Afterward, her brother-in-law commented that this was the first wedding ceremony he'd ever attended where the topic of bedbugs came up.

Besides bumps, other clues are tiny dark spots on the sheets or along mattress piping and other bedbug hideouts.

"Fecal material," as Jones calls it.

Disgusting is right.

This bedbug situation caught the country off guard.

"Until 2000, there were almost no chemicals labeled to spray for bedbugs," Jones said. "It took industry almost three years to re-suit up."

There are now nontoxic monitoring systems and several EPA-approved insecticides available for home and commercial use. There are even bedbug-sniffing dogs. Home remedies, like tossing infested items into a freezer for several days, can help. Frenetic cleaning too. But if you nail the adults and miss the eggs, you'll be beaucoup in newborn bedbugs two weeks later.

On commercial jobs, Jones urges clients to put infested rooms in lockdown for two weeks. His technicians would then supervise a thorough cleaning, from bedding to carpets, drapes, even pictures on the wall. In some cases, mattresses need to be tossed.

Depending on the room -- its furnishings and other potential hideouts -- technicians would fog, spray or dust with insecticides, then return two weeks later for any newly hatched bugs.

Although most chemicals in the pest-control arsenal are safe for humans within two hours of application, Jones said, he recommends people stay away for 24.
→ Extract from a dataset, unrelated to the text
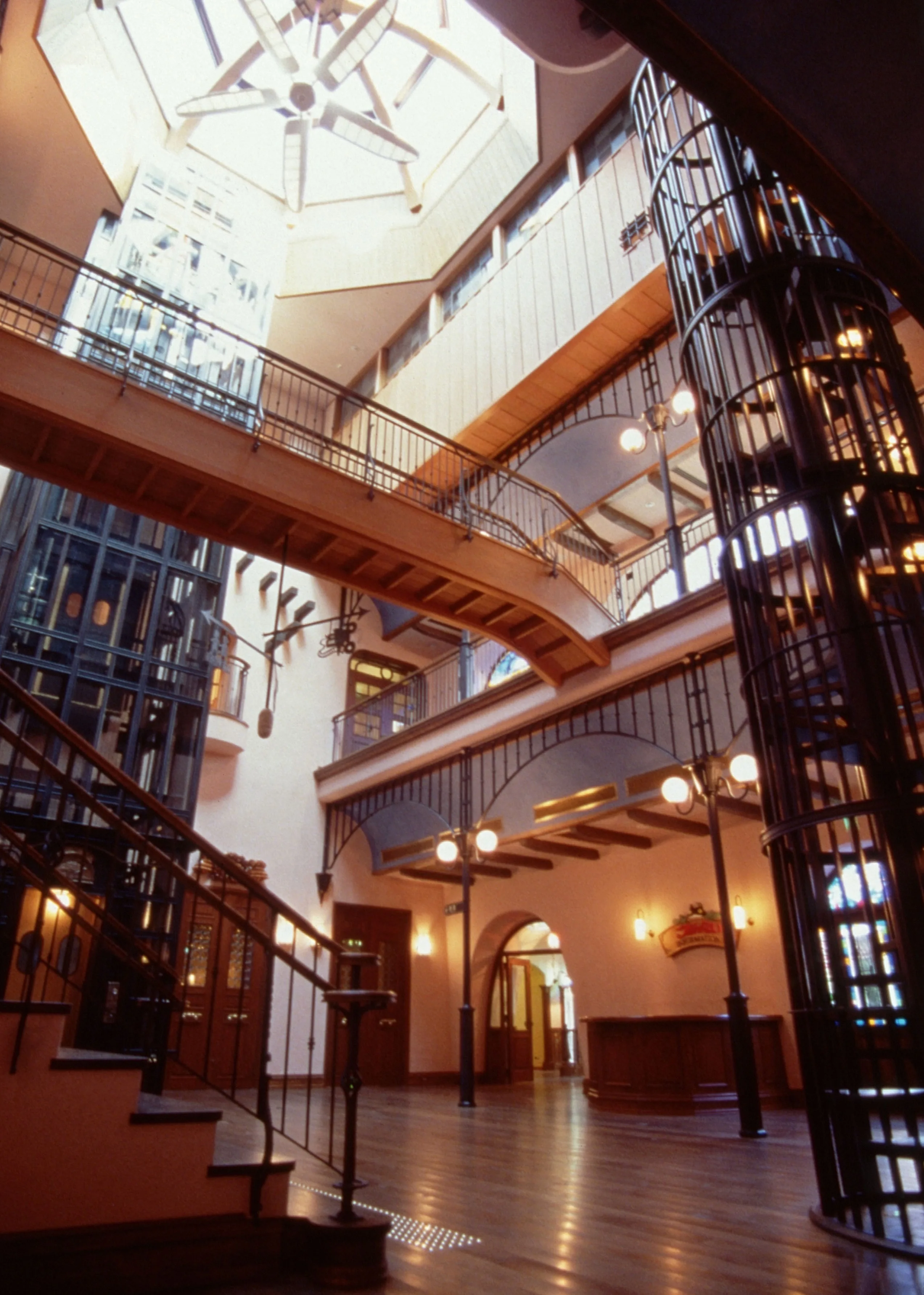 地下1階から地上2階までの吹き抜けの大空間、中央ホール。天井のガラスのドームに海を泳ぐ黄色いクジラや、妹たちと泳ぐポニョが描かれ、階段や廊下の手すりには取れそうで取れないガラスの"ふしぎ玉"が輝く。螺旋階段や空中廊下、張り出したテラスが子供の冒険心をくすぐる。晴れた日には窓をあけて光と風が入るこの空間にも、作品の保護より、居心地の良い場としての美術館をつくりたいという哲学が現れている。

Now that bedbugs are back, checking into a hotel as the spouse of a pest control man can't be a whole lot of fun these days.

"My wife, the first thing she does is pull the sheets off the mattress," Jones says. "She'll slide the mattress back and look at the box spring, slide the box spring back and look at the frame. If she doesn't find anything, well then, we're good for that room.

"If we find blood on the mattress, if we find fecal material, if we find live or dead insects, we're out of there."